Today we ran the other part of the Mont Blanc marathon route from the finish to Argentiere. Fortunately, the weather broke so it was nice and cool (around 22 degrees) and raining, making for much easier running conditions. The route was mostly undulating, with a lot of down hill.
Total distance covered: 15km
Day 2: Chamonix – Bel lachet hut – Les Houches
At the Bel Lachat hut, with Aiguille Verte behind.
I arrived at the meeting point for the second day of trail running and was told I was going up more hills. Eek. Off we set then – immediately up a steep hill towards the Bel Lachet hut some 2000m up. Parts of path were shaded in trees and other parts were more exposed. It was extremely hot (32 degrees) as we were on the south facing side of the hill.
The snow line is unusually low this time of year so we had to traverse some sections of steep snow, which is pretty hairy in trainers! At one point we saw a professional trail runner walking too on a steep stretch, so it made me feel much less guilty for walking rather than running (more like shuffling!) on the same stretch. Having got to hut, we headed across and down to Les Houches. On the way down I started to feel a twinge in my knee. I’d already booked in a sports massage and was hoping he could help out. The massage, as always, was extremely painful, but just what I needed to loosen up my leg muscles! He’s also explained that, when I get back, I need to build on strengthening my left leg.
Here is a short video sneak peek at my trail running on day 2.
Total distance: 22km
Day 3: Chamonix to Vallorcine via the Mont Blanc marathon route
Today I was a little apprehensive. Every time I go for a 5k run at home, I feel as though I might have to stop after 1km (it doesn’t seem to get easier with time for me!). Add to that the fact that you have covered 39.2km over 2 days and have a twinge in your knee and you have a recipe for a potential freak out. Having found out the the route was going to be flatter today (there is no such thing as flat here by the way people), I decided to suck it up and get on with it.

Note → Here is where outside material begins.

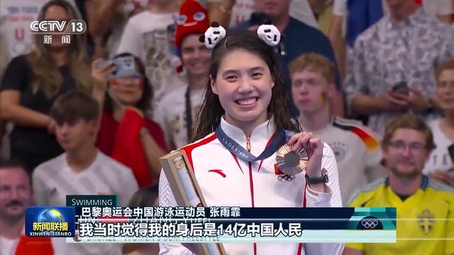 巴黎奥运会中国游泳运动员 张雨霏:没有想到他当时走在我们跟前,每一名运动员的成绩和名字他都记住了,然后就是亲切地与我们交谈,每个人交谈的内容都不一样。我觉得生在中国真好,特别是在赛场上的时候,我没有拿到冠军,但是我看见一面面五星红旗,他们依然在为我加油呐喊,安慰我,我当时觉得我的身后是14亿中国人民。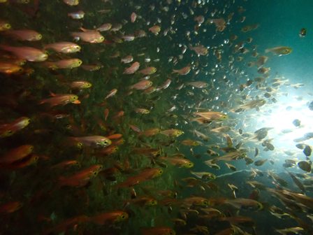 生物:オオモンカエルアンコウ・アオウミウシ・コショウダイ・タコ・アオサハギyg・イセエビ・ハナミノカサゴの群れ・カゴカキダイの群れ・ネンブツダイygの群れ・アカマツカサの群れ・タカベygの群れ・ソラスズメダイygの群れ・イッセンタカサゴygの群れ・オヤビッチャygの群れ・クロホシフエダイの群れ・フエダイの群れ・イサキの群れ・メジナの群れ・イスズミの群れ・ホウライヒメジの群れ・キンメモドキの群れ・ツマグロハンポの群れ・ニザダイの群れ 他

We headed out on the Mont Blanc marathon route from Chamonix towards Vallorcine. Whilst the hills and the views over the mountains have been stunning, this really was a pretty run. I love running past luscious green fields listening to the sound of cow bells. My favourite section was the forest path, which was lovely and clear and undulating within my comfort level (ie, not an unrelenting hill or mountain!).
My knee did start to seize up a bit at about 10km, so we stopped to dunk my knee in a crystal clear and ice cold stream.
My nose has been streaming all week and we suspect it might be hay fever (spring has arrived very late here) so I am now ratting around with hayfever drugs, pain killers, and supplements.